In thinking about what the world needs more of now, one specific word kept resurfacing for Jimmy Chamberlin. Fueled by social media feeds, fear-induced headlines, and all the mostly dishonorable jargon permeating outside facets, the Smashing Pumpkins drummer wrapped the Jimmy Chamberlin Complex’s third release around what seems like a unimaginable concept these days: Honor.
Diving into the deeper end of life as it is now, Honor (Make Records), out Sept. 25, documents a moment in time as the Complex navigate four basic principles rooted in the title’s sentiment: integrity, humility, service, and grace. “I want people to come to their own conclusions,” says Chamberlin, who adds that he was thinking of his two teenage children, the challenges they face, and the message he wants to leave with them when making the EP. “If the album’s title is an impetus for self-reflection, then that’s cool too.”
A follow up to 2017’s The Parable, Honor finds the Jimmy Chamberlin Complex lineup returning to its core trio of Chamberlin, producer and bassist Billy Mohler, and guitarist Sean Woolstenhulme. Returning from the band’s 2005 debut Life Begins Again is keyboardist Adam Benjamin, along with tenor saxophonist Ben Wendell and trumpeter Shane Endsley—his bandmates in Kneebody—and tenor saxophonist Frank Catalano, who has worked with Chamberlin on the Chicago jazz scene.

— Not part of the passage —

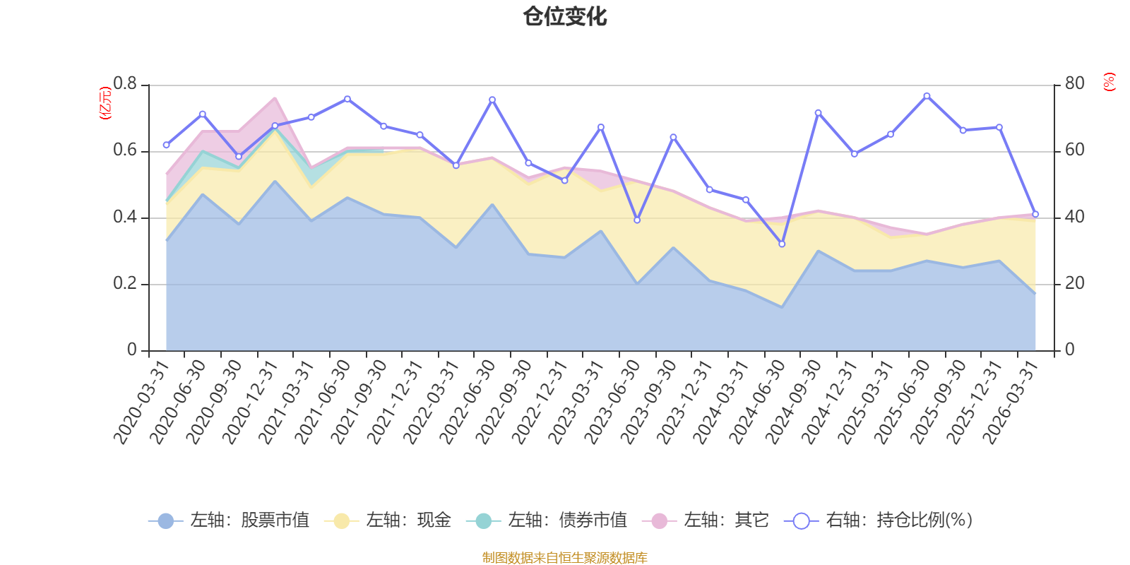 据定期报告数据统计,近三年平均股票仓位为56.38%,同类平均为72.59%。2025年上半年末基金达到76.65%的最高仓位,2024年上半年末最低,为32.08%。

Honor is a musical movement tapping into the four corners of integrity, humility, service and grace. Thinking outside those boundaries, Honor is a fully orchestrated resurrection for a better world fused by the Complex’s improvisational jazz, alt rock, and other experimental diversions. Opening on “Integrity” and moving through the urgency of “Grace,” Honor also leaves off on a fifth component of “Commitment,” an energetic jam bringing everything into alignment.
The goal of the recording, a genre-bending effect of the trio’s diverse backgrounds, was to document an afternoon spent with friends, says Chamberlin. “The genre swapping is just a natural occurrence,” says Chamberlain. “We all live in slightly different musical environments, and those influences and nuances become a part of the music.”
He adds, “We don’t talk about genres. Generally anything that is appealing is acceptable and merits further investigation regardless of where it lives. It makes it much more interesting to create in those widened parameters and makes many more things available.”
Wholly embodied by its musicianship with Chamberlin, Mohler, and Woolstenhulme coming from different roots, the Jimmy Chamberlin Complex effortlessly lock into infectiously melodic arrangements together throughout Honor. “The same way you honor yourself, you have to honor your instrument,” shares Chamberlin. “My relationship with the drums is the oldest relationship I have outside of my family.”
Playing drums since he was 8, Chamberlain connected with jazz early on, devouring Herbie Hancock and Miles Davis’ electric bands, the Mahavishnu Orchestra and Return To Forever. “That music is in my DNA,” says Chamberlin, reflecting on the contrast of his roots and the music he’s made with The Smashing Pumpkins since 1988. “They were listening to Love and Rockets and Joy Division, and I was listening to Tommy Bolin… As a drummer, you can constantly go back to that music and continue to learn.”
Chamberlin, who is currently in the studio working on new music with The Smashing Pumpkins, says the Complex is just a real-time document of people playing music together.
“It’s extremely humbling and inspiring to work with such incredible, dedicated individuals—modern greats all of them and willing to give so much to the music,” he says. “During the sessions, there was very little talking going on, just a lot of love, respect and music.”